Few countries are likely to see a significant increase in their national health budget. However, recovering costs through user charges can affect equity of access to care. Chronic NCDs, such as diabetes, pose particular problems for funding.

System boundaries

How feasible are interventions for NCDs? Previous reforms have been criticised for focusing on services rather than wider health issues. Long-term control of many NCDs requires preventative activities outside the normal health ministry role. The WHO Tobacco Free Initiative has highlighted the importance of extending boundaries beyond individuals to wider socio-economic factors. Health promotion strategies for NCDs will involve non-health service features such as environmental factors, diet and stress-reduction. This extended role for health systems will have consequences for policy development, advocacy and resource allocation.

Private sector role

Competition-based reforms in the 1990s encouraged the growth of the private health sector. Although these services are often of poor quality and limited to urban areas, they have important implications for the design of NCD interventions. Health planners must address issues such as referral procedures, human resource development and regulatory tools in the private sector. The tobacco, alcohol, food and other industries will also require regulation.

Policy-making capacity

Experience has shown that Health Ministries may lack the authority, skilled personnel, and structures and processes for strategic policy-making. Recent reforms may even have weakened this capacity.
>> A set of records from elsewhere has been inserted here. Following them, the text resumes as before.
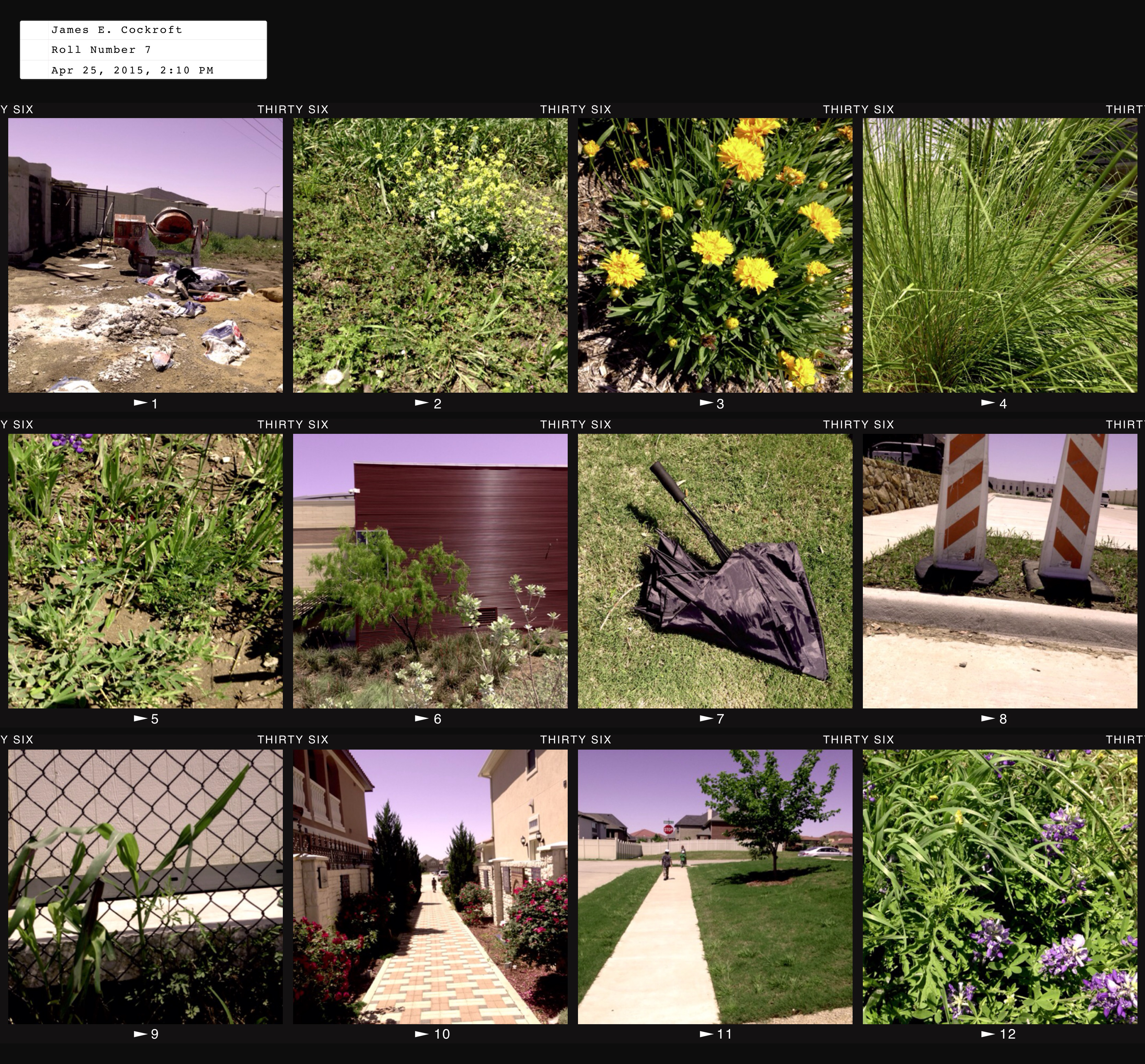 There’s a new housing development going in across the street where we usually go to walk. I’ve shared some pictures from there before, including one of Hana descending a staircase. Well, same staircase, now with actual walls and whatnot.And here’s the contact sheet from a roll of the built-in 400 CC 120. I don’t much like it… I wonder if I can change or delete it?
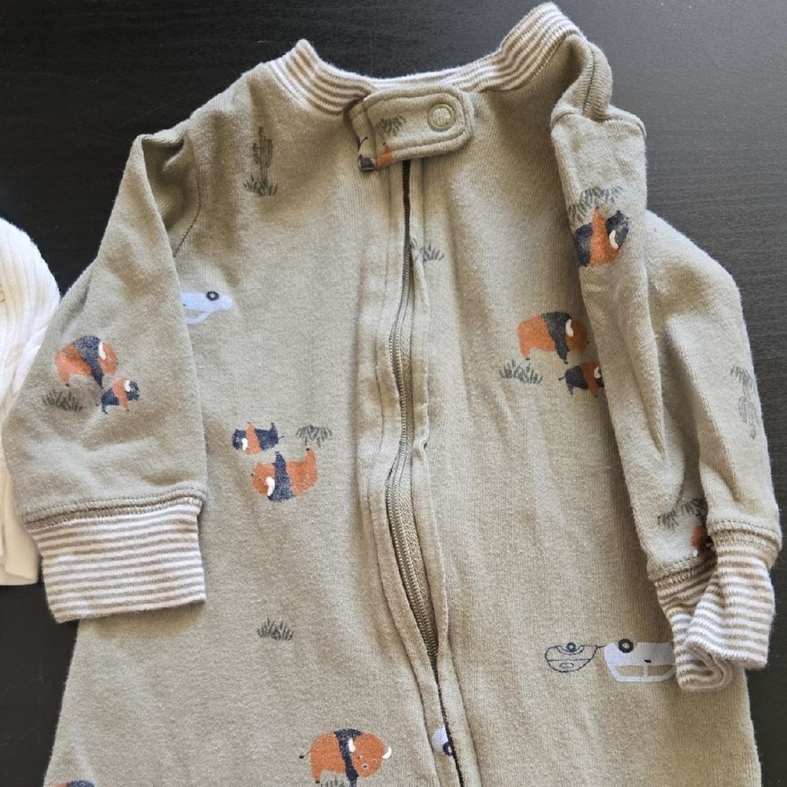 Set Of 2 Carter's Kids Footies - Cream and Grayish Green 3 Months
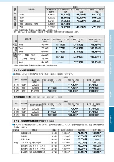 授業料スタート学期(1~3月)1学期(4~7月)2学期(9~12月)13講88,140円80,600円78,520円13講88,140円80,600円78,520円――47,190円――47,190円9講61,020円55,800円54,360円58,140円32,670円1講あたりの授業料6,780円6,200円6,040円6,460円3,630円授業分数150分120分90分90分(漢文文法・句形)75分高2生対面/映像受講開始までの流れ認定の確認・取得入塾申込学費の支払い授業料1講あたりの授業料スタート学期(1~3月)9講1学期(4~7月)13講2学期(9~12月)13講8,350円7,930円6,460円6,460円7,930円4,410円75,150円71,370円58,140円58,140円――108,550円103,090円83,980円103,090円57,330円108,550円103,090円83,980円103,090円57,330円授業分数180分150分90分スタート学期1・2学期60分90分150分高3生対面/映像/オンライン(集団)*上記以外の講数の講座は「1講あたりの授業料×講数」が授業料となります。*上記以外の講数の講座は「1講あたりの授業料×講数」が授業料となります。*高1・2エンリッチコース(東海高校・南山高校(女子部)対象)の授業料は千種校へお問い合わせください。オンライン個別指導講座●受講前にオンラインにて学習プランの作成(費用:1回45分1,500円)を行います。学年授業分数高1生高2生高3生90分90分90分1講あたりの授業料9,000円9,000円10,000円スタート学期(1~3月)9講――81,000円90,000円授業料1学期(4~7月)13講2学期(9~12月)13講117,000円117,000円130,000円117,000円117,000円130,000円個別指導講座(対面)広島校(高1・2生)福岡校(高1・2・3生)学年授業分数1講あたりの授業料高1生高2生高3生90分90分90分9,000円9,000円10,000円スタート学期(1~3月)9講――81,000円90,000円授業料1学期(4~7月)13講2学期(9~12月)13講117,000円117,000円130,000円117,000円117,000円130,000円総合型・学校推薦型選抜対策プログラム高3生●本プログラムは講座単位のお申し込みとなります。各対策講座の講数にプラスして1講毎の追加が可能です。追加1講毎の授業料をお支払いください。授業分数講座名出願書類対策面接対策小論文対策45分【プレミアム】過去問対策慶大対策(法)FITA方式慶大対策(法)FITB方式慶大対策(文)自主応募制推薦講数全6講全3講全6講全4講全8講全9講全7講1講あたりの授業料12,000円12,000円12,000円16,000円12,000円12,000円12,000円総額授業料72,000円36,000円72,000円64,000円96,000円108,000円84,000円追加1講毎10,500円10,500円――14,500円10,500円10,500円10,500円
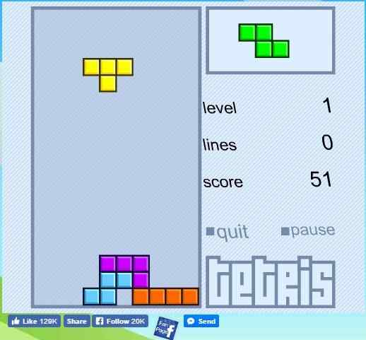 The score can be viewed on the right side of the screen. You can see the number of lines that you have completed so far, the level which you are at, and the current score you are at. At the top right side you will also be seeing the next block shape which will be falling down. You also have the options to quit or pause the game.
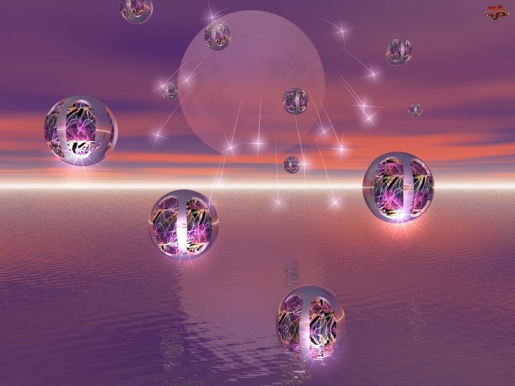 Grafika 3D, Fioletowe, Błyszczące, Kule
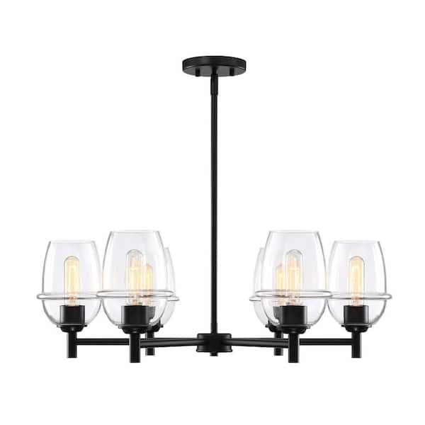 Summer Jazz 6-Light Matte Black Transitional Sputnik Chandelier for Dining Areas with No Bulbs Included
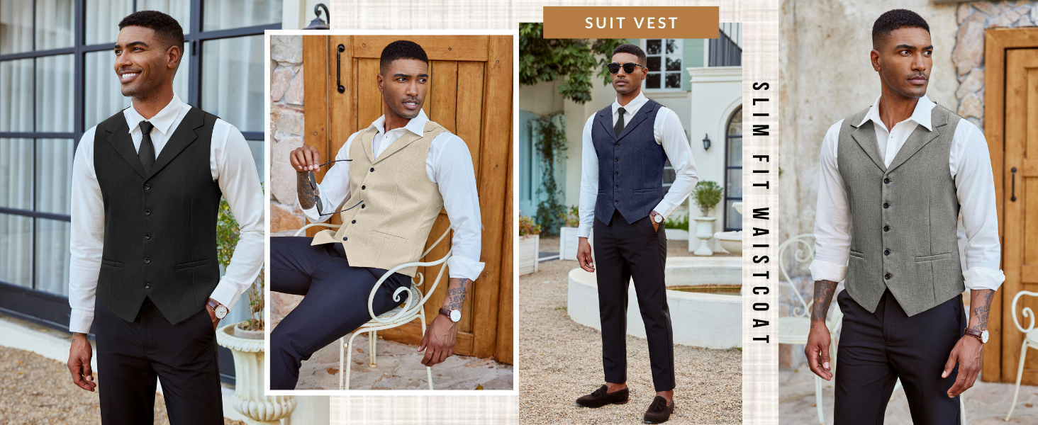 A modern take on a traditional staple – Slim Fit Notch Lapel Textured Suit Vest
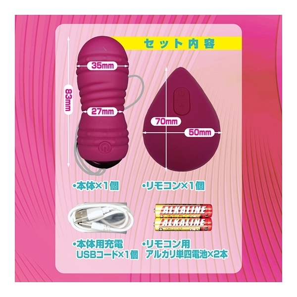 パッケージ:17.8×10.7×4.0cm 本体:8.3×3.5cm 重量:68g 電池:ローター(USB充電式)、リモコン(単四電池×2本使用)
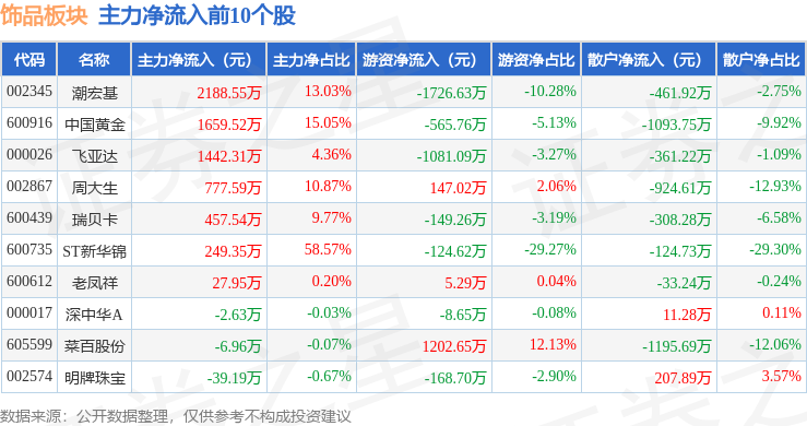 从资金流向上来看,当日饰品板块主力资金净流入4597.94万元,游资资金净流出3647.34万元,散户资金净流出950.6万元。饰品板块个股资金流向见下表:
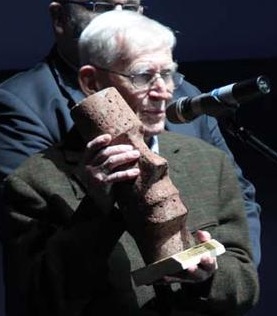 Żeglarz otrzymał od marszałka województwa pamiątkowy zegar w kształcie koła sterowego z dedykacją: Za całokształt osiągnięć żeglarskich z gratulacjami i najlepszymi życzeniami.

Policy-making processes could be strengthened by:

  • developing wider policy-making and implementation tools for prioritisation, resource allocation, regulation and capacity assessment

  • developing and supplying a wide range of skills to policy-makers, ranging from epidemiology through economics to political science

  • assessing the implications of new strategies, using techniques such as stakeholder analysis and political mapping

  • employing the knowledge and alternative perspectives of NCD specialists

  • incorporating broader input from stakeholders, such as representatives of NGOs, other sectors and professional groups, to ensure that new policies are well-grounded.

Andrew Green and Charles Collins
Nuffield Institute for Health
University of Leeds
71-75 Clarendon Rd
Leeds
LS2 9PL
UK
T: +44 (0)113 233 6953
F: +44 (0)113 246 0899
a.t.green@leeds.ac.uk

c.d.collins@leeds.ac.uk

See also
Health sector reform and the interpretation of policy context, Health Policy 47 by C. Collins, A. Green and D. Hunter (1999)
World Health Report 2000, WHO, Geneva (2000)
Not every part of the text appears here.